Reproduce the whole listing below without its pictures, exactly as written.

Dataset content:
*** Block opens ***

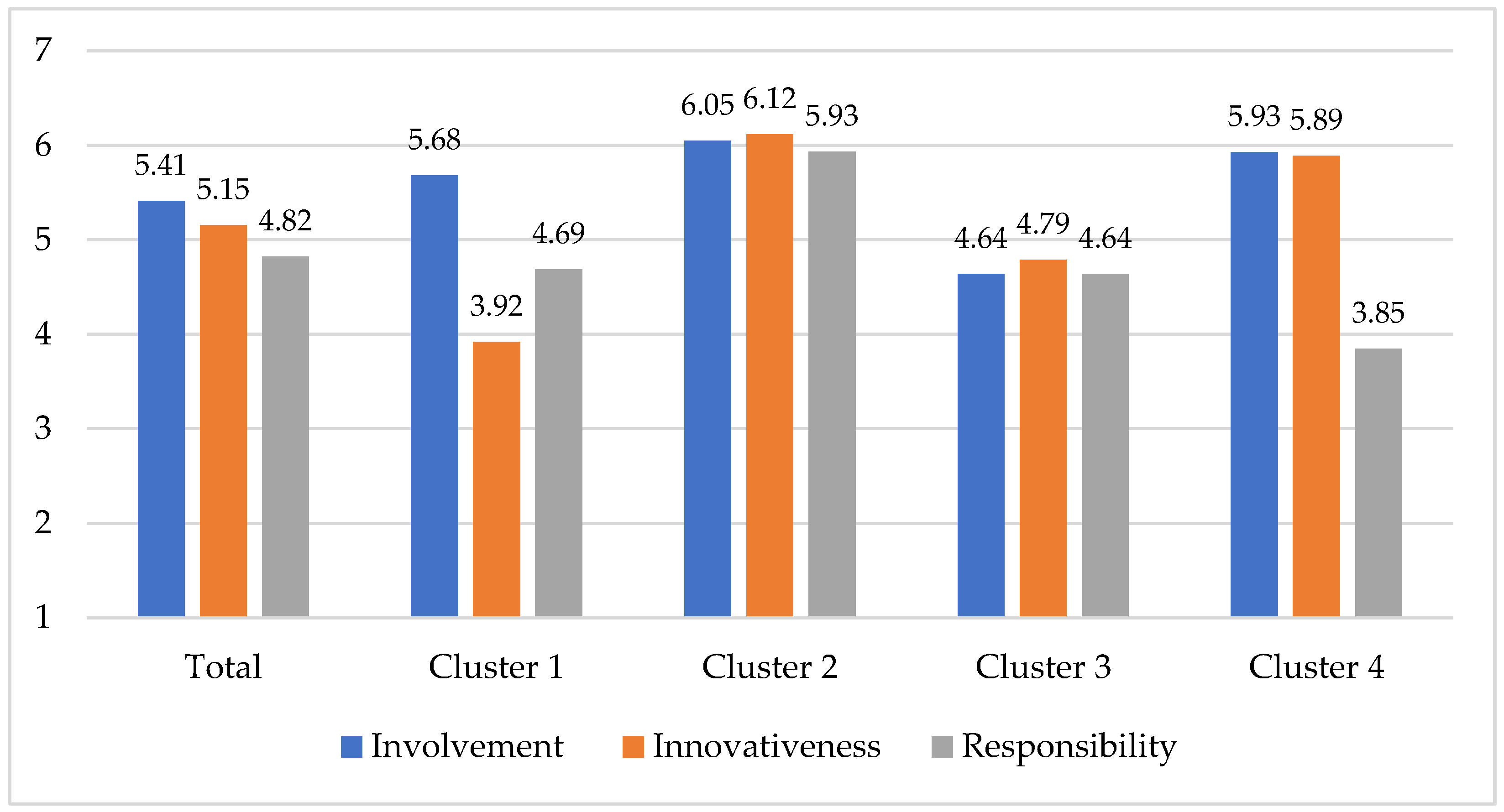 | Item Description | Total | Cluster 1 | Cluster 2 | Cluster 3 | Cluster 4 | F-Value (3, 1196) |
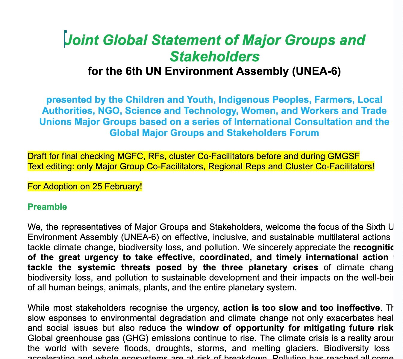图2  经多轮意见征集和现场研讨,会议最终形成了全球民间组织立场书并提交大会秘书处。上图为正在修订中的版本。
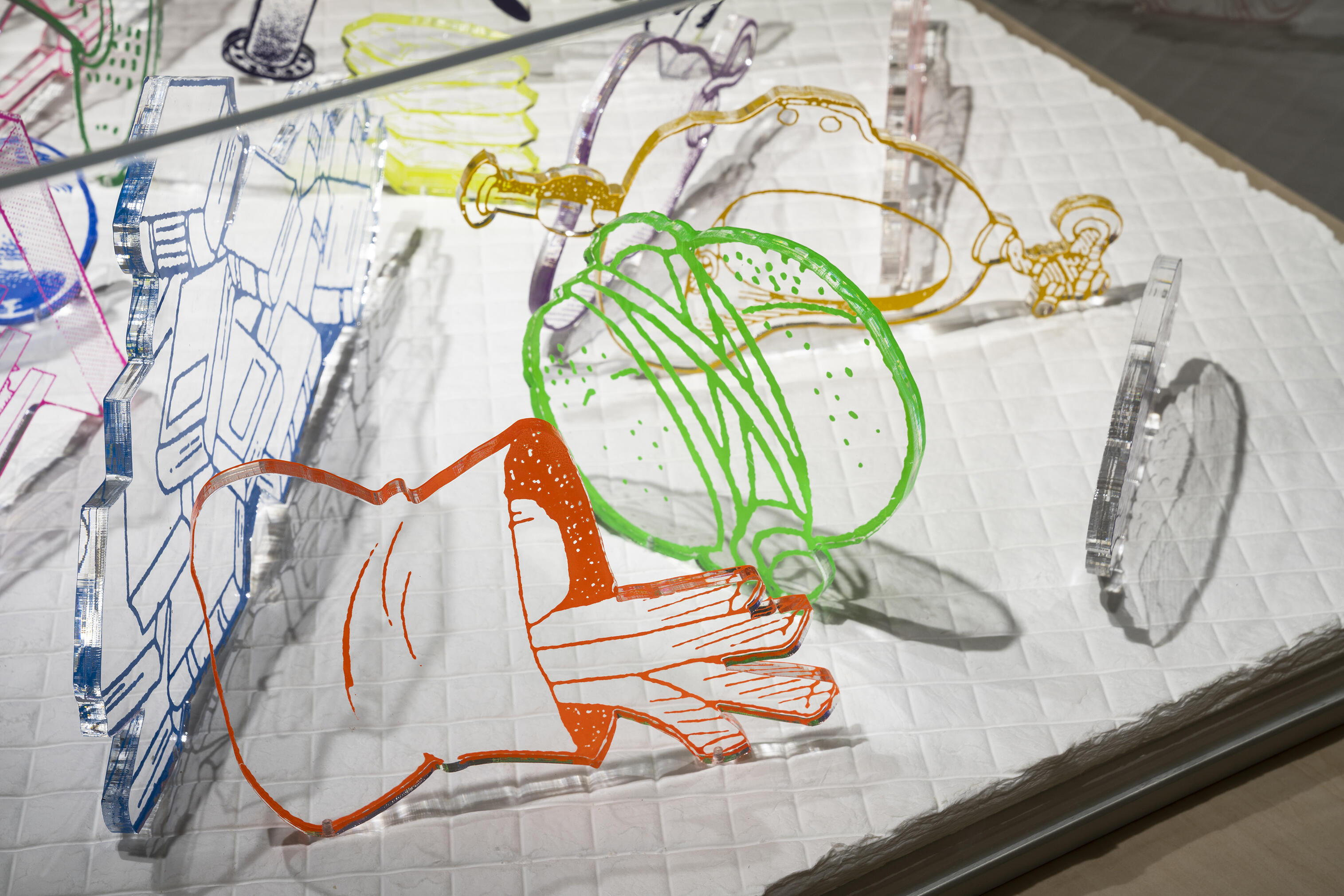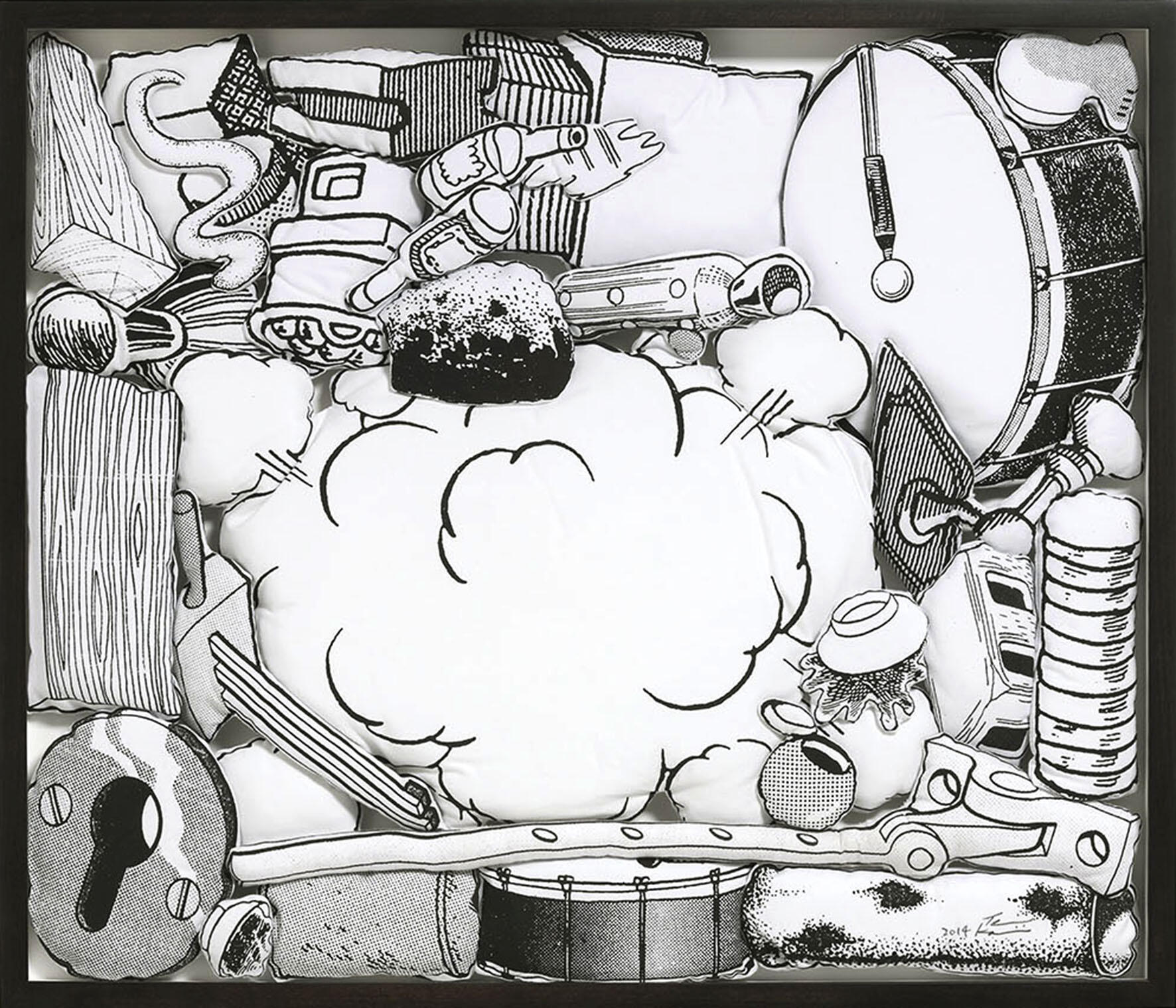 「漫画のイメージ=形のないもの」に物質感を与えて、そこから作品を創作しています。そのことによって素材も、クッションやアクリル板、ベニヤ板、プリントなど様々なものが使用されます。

*** Block closes ***

Solution:
 | Item Description | Total | Cluster 1 | Cluster 2 | Cluster 3 | Cluster 4 | F-Value (3, 1196) |
图2  经多轮意见征集和现场研讨,会议最终形成了全球民间组织立场书并提交大会秘书处。上图为正在修订中的版本。
 「漫画のイメージ=形のないもの」に物質感を与えて、そこから作品を創作しています。そのことによって素材も、クッションやアクリル板、ベニヤ板、プリントなど様々なものが使用されます。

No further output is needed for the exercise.